DEV Community

Cover image for Kubernetes Autoscaling: Never Manually Scale Again
Yoshik Karnawat
Yoshik Karnawat

Posted on • Originally published at Medium

Kubernetes Autoscaling: Never Manually Scale Again

As a Site Reliability Engineer who has managed countless production Kubernetes clusters, I've learned that one of the biggest challenges teams face is properly sizing their applications. Too little resources? Your app crashes under load. Too much? You're burning money unnecessarily.

That's where Kubernetes autoscaling comes to the rescue.

What is Autoscaling and Why Should You Care?

Imagine you're running an online store. During normal hours, you might need 3 servers to handle traffic. But during Black Friday sales, you suddenly need 20 servers. Then afterward, you scale back down to save costs.

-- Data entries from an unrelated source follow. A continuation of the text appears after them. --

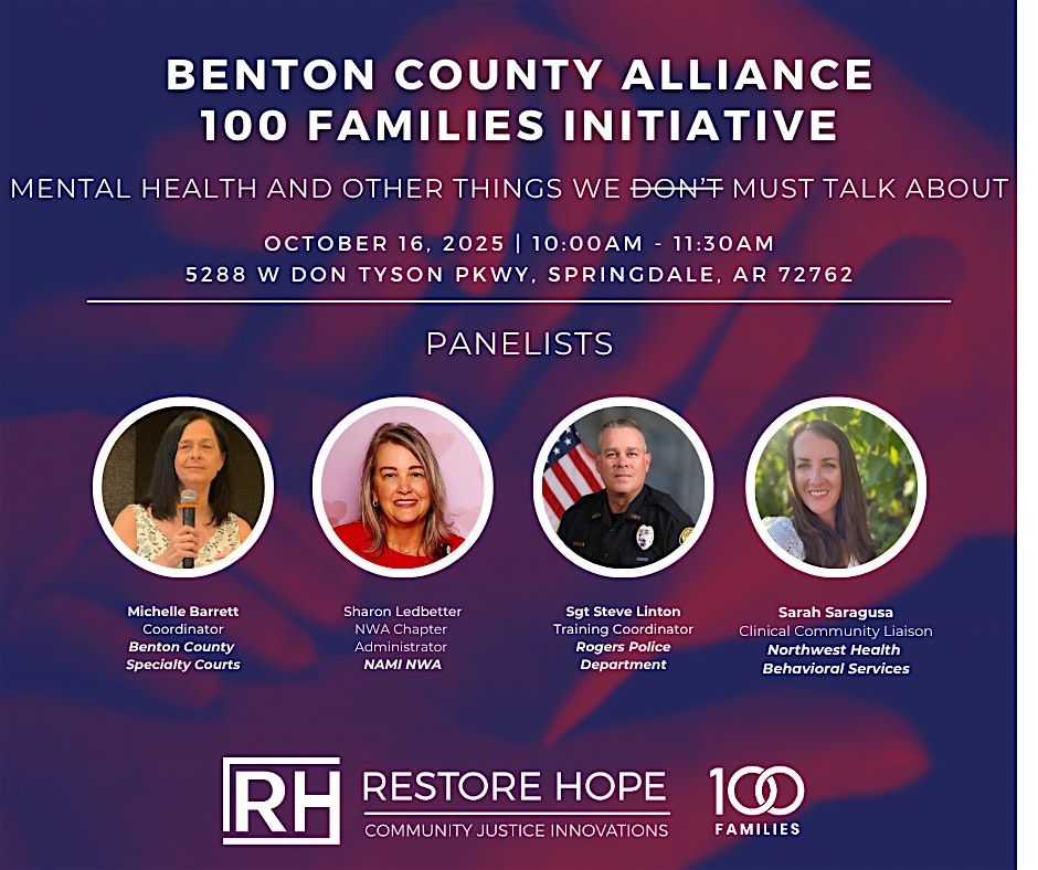 There are many things we don't discuss in order to avoid conflict, or because we need to navigate challenging circumstances or avoid stygma(s). Come join us as our Benton County Alliance hosts a discussion on: Mental Health, and Other Things We (Don't) Must Talk About. Come ready to learn and discuss as our panel of experts share their perspectives and then answer questions from the public.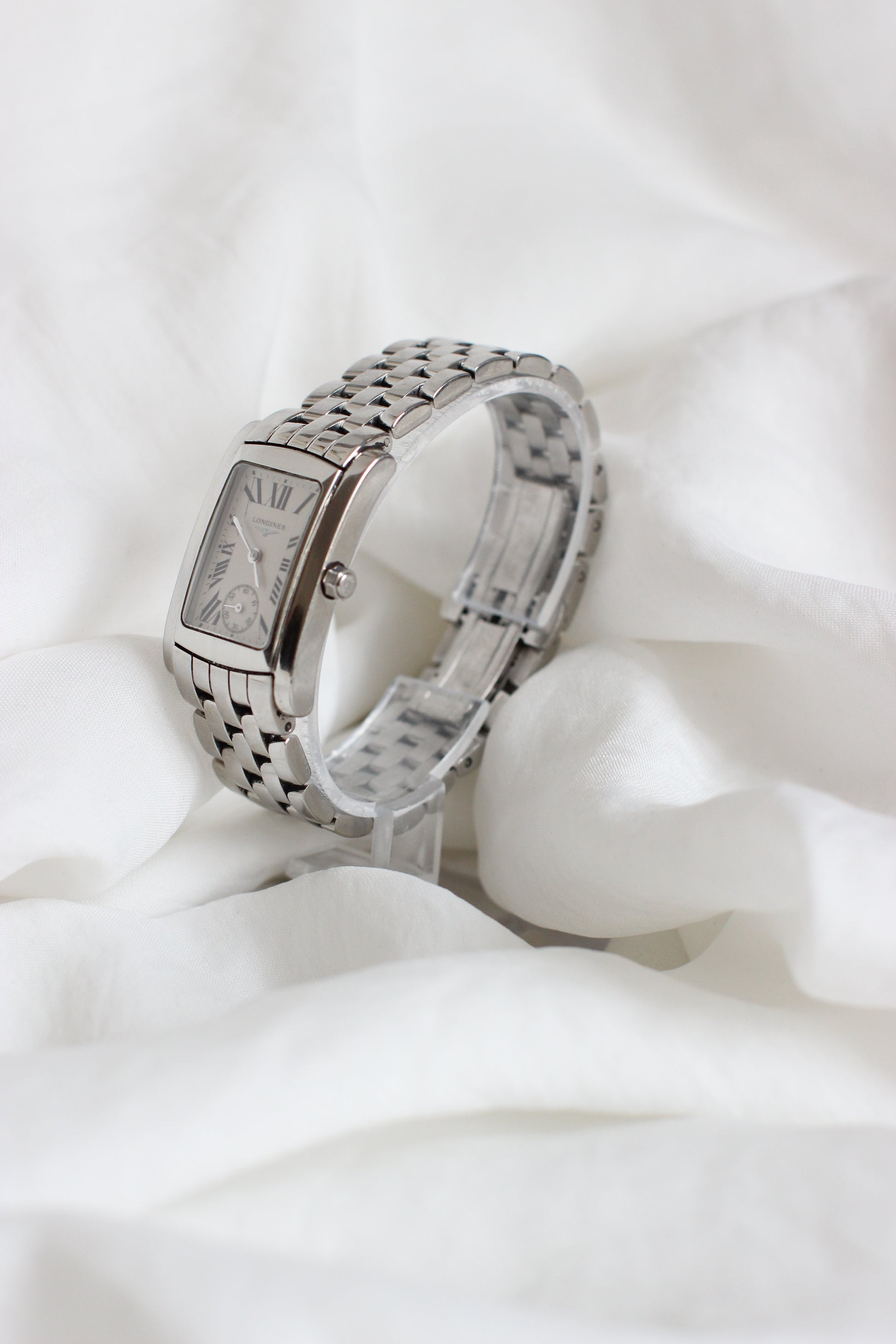 A stunning Longines Dolce Vita watch that perfectly embodies the sophistication and refinement of the Swiss Maison. With its harmonious rectangular shape and elegant proportions, this piece reflects the brand’s philosophy of blending classic aesthetics with modern precision. The watch is powered by a quartz movement with a newly replaced battery, ensuring flawless accuracy and reliability. Featuring its original jubilee-style stainless steel bracelet and original Longines box, this timepiece remains a testament to enduring luxury and design.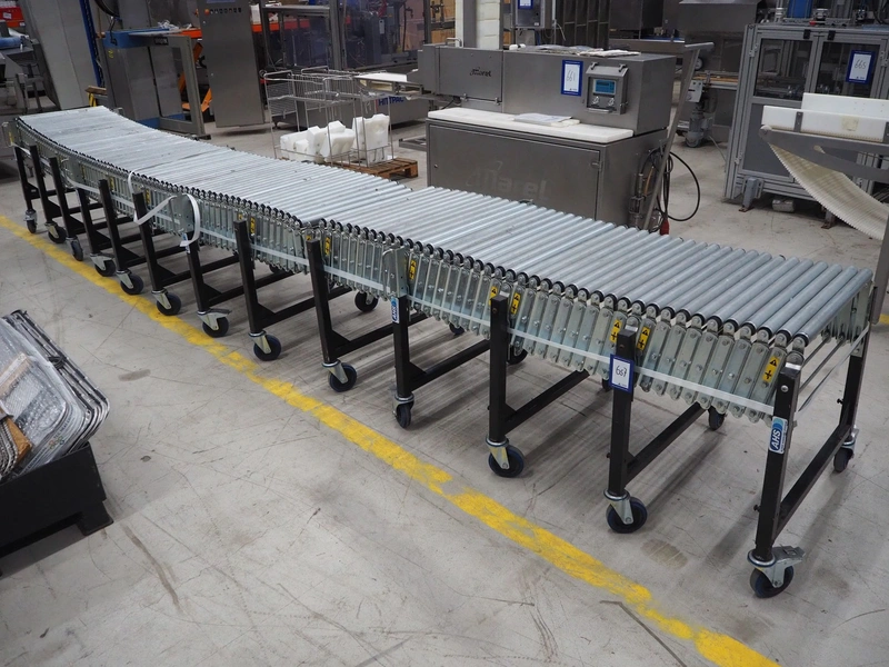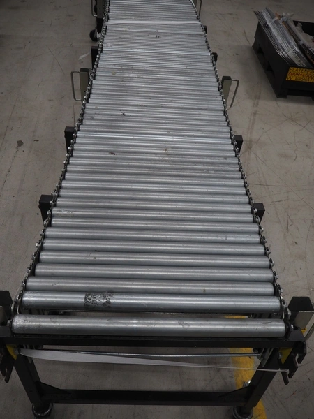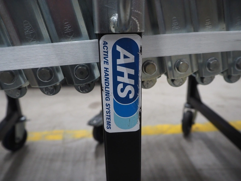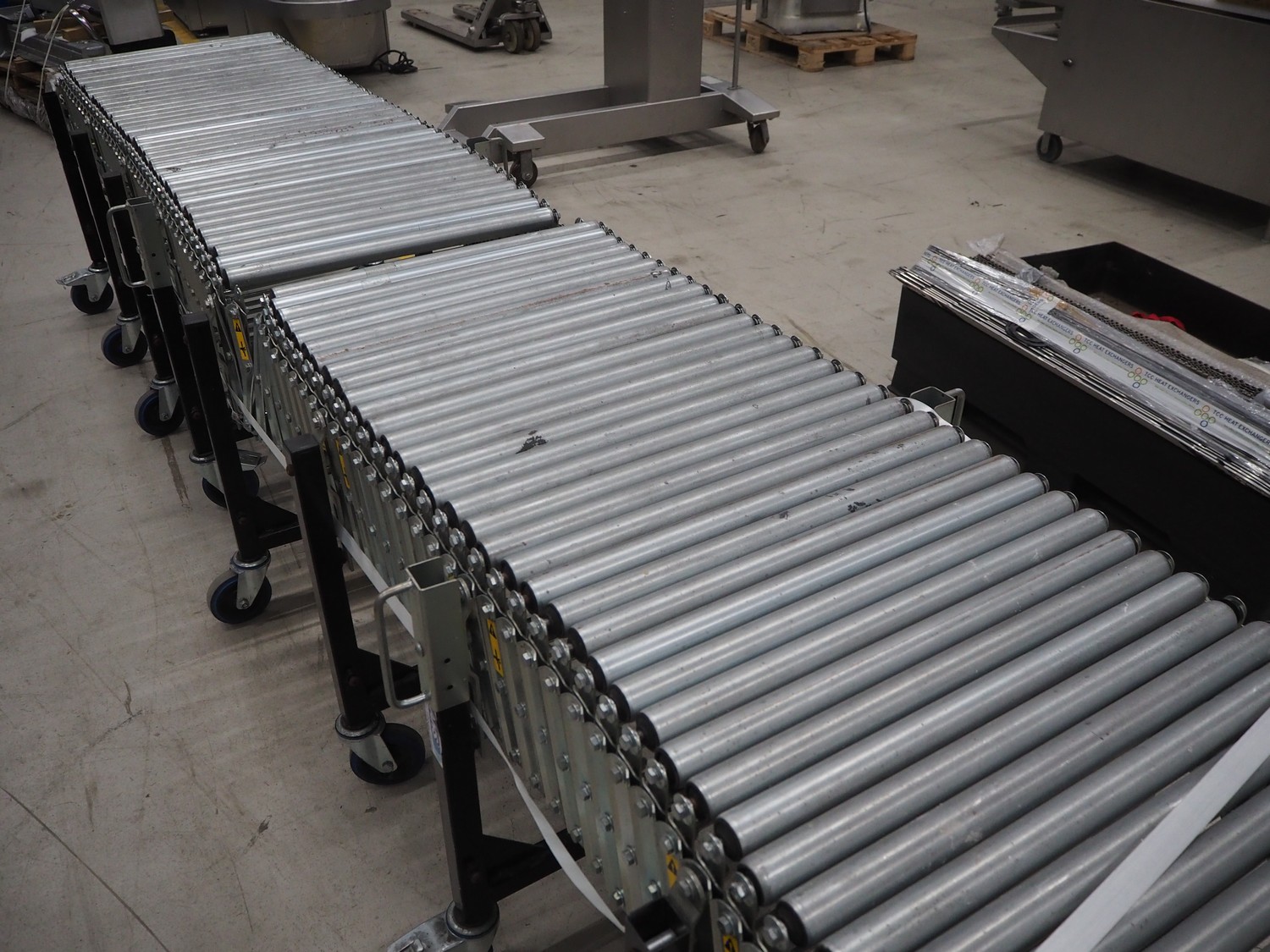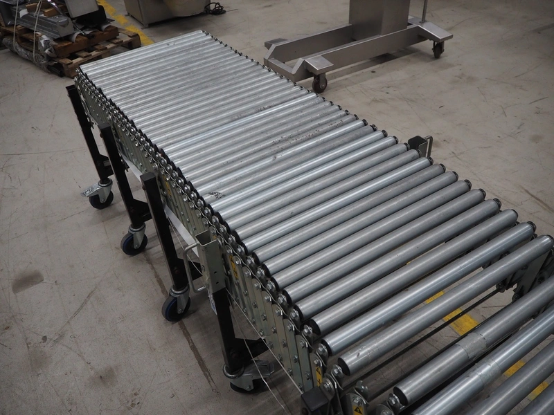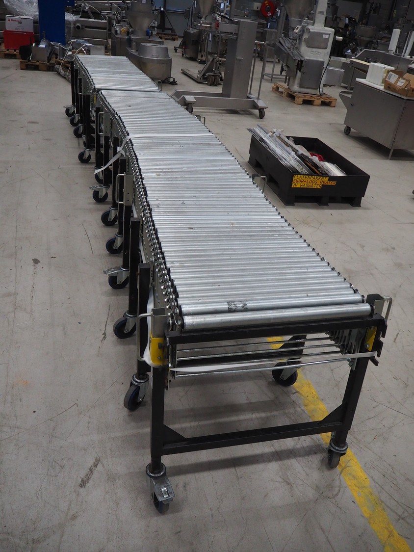 AHS mobile extendable roller conveyor, s/s rollers, roller width: 600 mm, total dimensions: 13500 mm x 870 mm x 830 mm.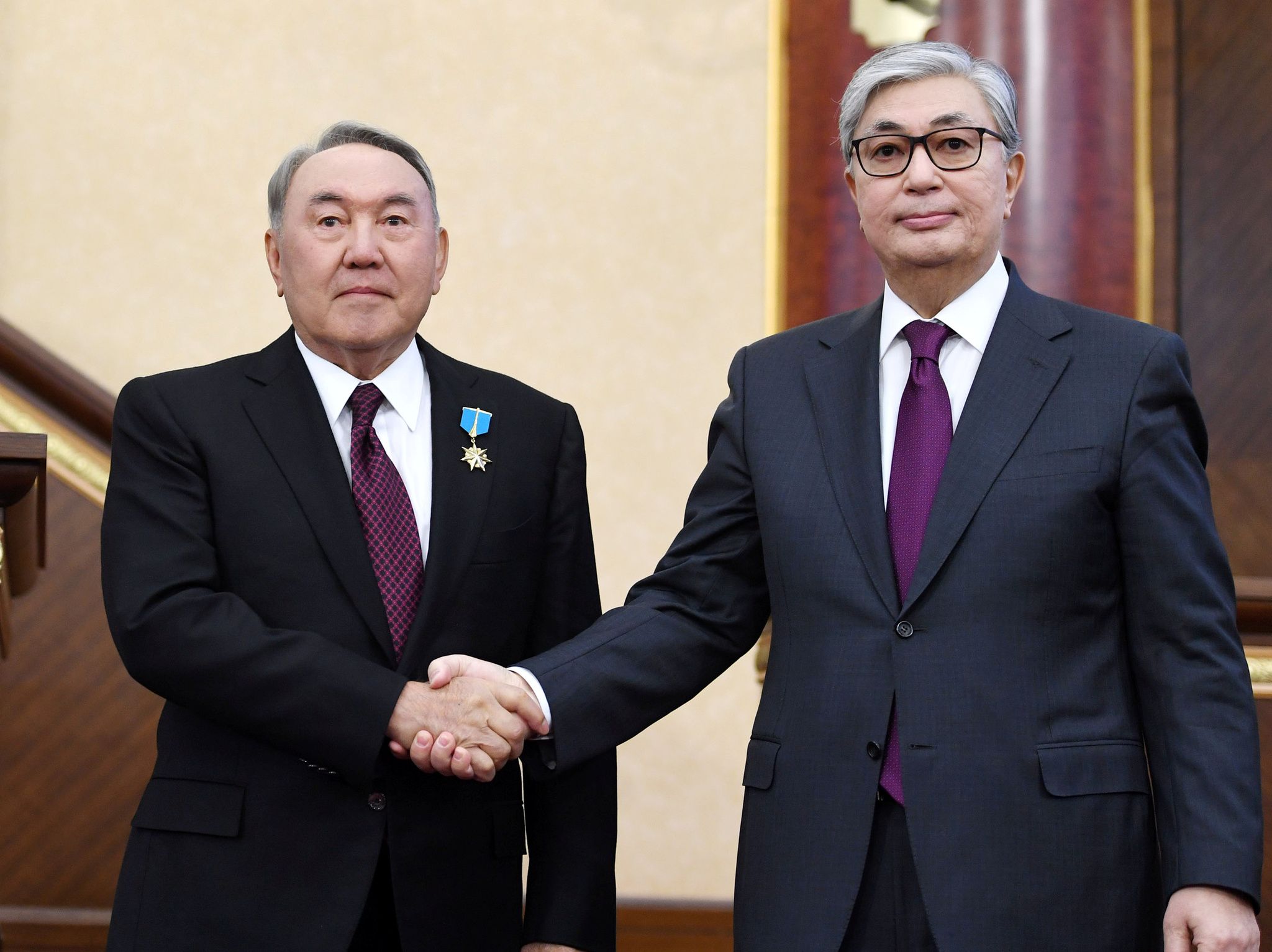 哈薩克前領導人納扎爾巴耶夫(左)與現任總統托卡葉夫(右),照片攝於2019年哈薩克議會兩院聯席會議。

Kubernetes autoscaling does exactly this - but automatically. No more 3 AM wake-up calls to manually add servers during traffic spikes.

There are two main types of autoscaling in Kubernetes:

  • Horizontal Pod Autoscaler (HPA): Adds more copies of your application
  • Vertical Pod Autoscaler (VPA): Gives more power (CPU/memory) to existing copies

Think of HPA as hiring more cashiers during busy hours, while VPA is like giving your existing cashiers faster computers.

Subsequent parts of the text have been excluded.